Bitro phosphate. Hmm. Just Googled it. Google asks: "Do you mean nitro phosphate?" I DON'T KNOW
Serathol (now only found in museums, I kid not) was recommended for gastritis.
"Dr. King's mysterious medicine" wanted to make sure you said nope to dope...iness.
And lest we forget the younguns when it comes to health matters... Here you are, kids! Syrup of figs! Come and get it!
But wait! Were Dr. Williams' Pink Pills better than Dr. King's New Discovery?
Well, who knows. But what's important is, YOUR BODY TYPE IS WRONG AND YOU SHOULD CHANGE IT.
Bitro phosphate. Because weight is great.
If you can't change your body, why, then chew some gravely tobacco!
In 1918, Gluten-free and sugar-free foods were becoming a thing -- but not for health reasons (I'm not sure anything was really about "health" back then, my goodness.)

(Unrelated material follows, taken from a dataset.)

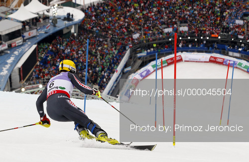 : Fifth placed Ivica Kostelic of Croatia skiing in second run of men slalom race of FIS Alpine skiing World Championships in Schladming, Austria. Men slalom race of FIS Alpine skiing World championships Schladming 2013, was held in Schladming, Austria, on Sunday, 17th of February 2013.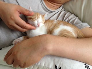 気温は低く春雨が連日降りしきる中、海老名の公園に捨てられていた4匹の子猫たちは、体温20度の低体温状態で発見されました。「助かるかどうか」と言われた子猫たち。残念ながら1匹は翌日、息を引き取りました。残った3匹のうち、女の子の「ひめ」と「きなこ」は里親が見つかってお嫁入り、男の子は我が家で引き取ることになり「メル」と名付けました。初めて出逢ったのは生後1ヶ月でちょうど離乳食が始まったばかりの頃。カリカリが食べられるようになるまで保護主さんファミリーに大切に育てて頂きました♪

In other news, telegraph operators didn't realize how little time they had left. :(
(Be not dismayed, fellas! Your great-grandchildren will one day work at the Apple Store!)
Speaking of communications, Hands-free phones were making their debut. Check it out!
C.F. Corgan is talking to his mom on the telephone WHILE playing Farmville!
In 1918, oranges were a big deal.
And you could get an 8-room house with a garage, a chicken coop, and a cherry orchard for $2500.
Insert "I really need to build a time machine!" joke...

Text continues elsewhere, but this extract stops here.